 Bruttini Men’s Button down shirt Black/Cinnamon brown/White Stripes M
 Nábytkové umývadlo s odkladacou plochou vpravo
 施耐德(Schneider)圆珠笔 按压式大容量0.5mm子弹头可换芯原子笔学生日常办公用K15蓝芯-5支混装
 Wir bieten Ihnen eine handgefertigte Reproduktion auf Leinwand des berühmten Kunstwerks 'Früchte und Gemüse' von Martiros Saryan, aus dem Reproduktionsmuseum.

======

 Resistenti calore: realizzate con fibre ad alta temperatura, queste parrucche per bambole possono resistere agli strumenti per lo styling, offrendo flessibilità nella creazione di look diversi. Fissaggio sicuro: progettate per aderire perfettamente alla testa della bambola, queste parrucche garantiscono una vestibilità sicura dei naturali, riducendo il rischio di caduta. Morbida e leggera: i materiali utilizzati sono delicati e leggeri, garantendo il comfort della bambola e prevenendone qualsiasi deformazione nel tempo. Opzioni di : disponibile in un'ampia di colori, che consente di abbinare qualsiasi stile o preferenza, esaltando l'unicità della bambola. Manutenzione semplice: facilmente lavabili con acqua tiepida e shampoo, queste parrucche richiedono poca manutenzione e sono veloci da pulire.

======

*EXERCISE DESCRIPTION*:
With the line holding "Bruttini Men’s Button" as the first and the line holding "Wir bieten Ihnen" as the last, please transcribe exactly the lines of the material above in that range and nothing else.

*SOLVED EXERCISE*:
 Bruttini Men’s Button down shirt Black/Cinnamon brown/White Stripes M
 Nábytkové umývadlo s odkladacou plochou vpravo
 施耐德(Schneider)圆珠笔 按压式大容量0.5mm子弹头可换芯原子笔学生日常办公用K15蓝芯-5支混装
 Wir bieten Ihnen eine handgefertigte Reproduktion auf Leinwand des berühmten Kunstwerks 'Früchte und Gemüse' von Martiros Saryan, aus dem Reproduktionsmuseum.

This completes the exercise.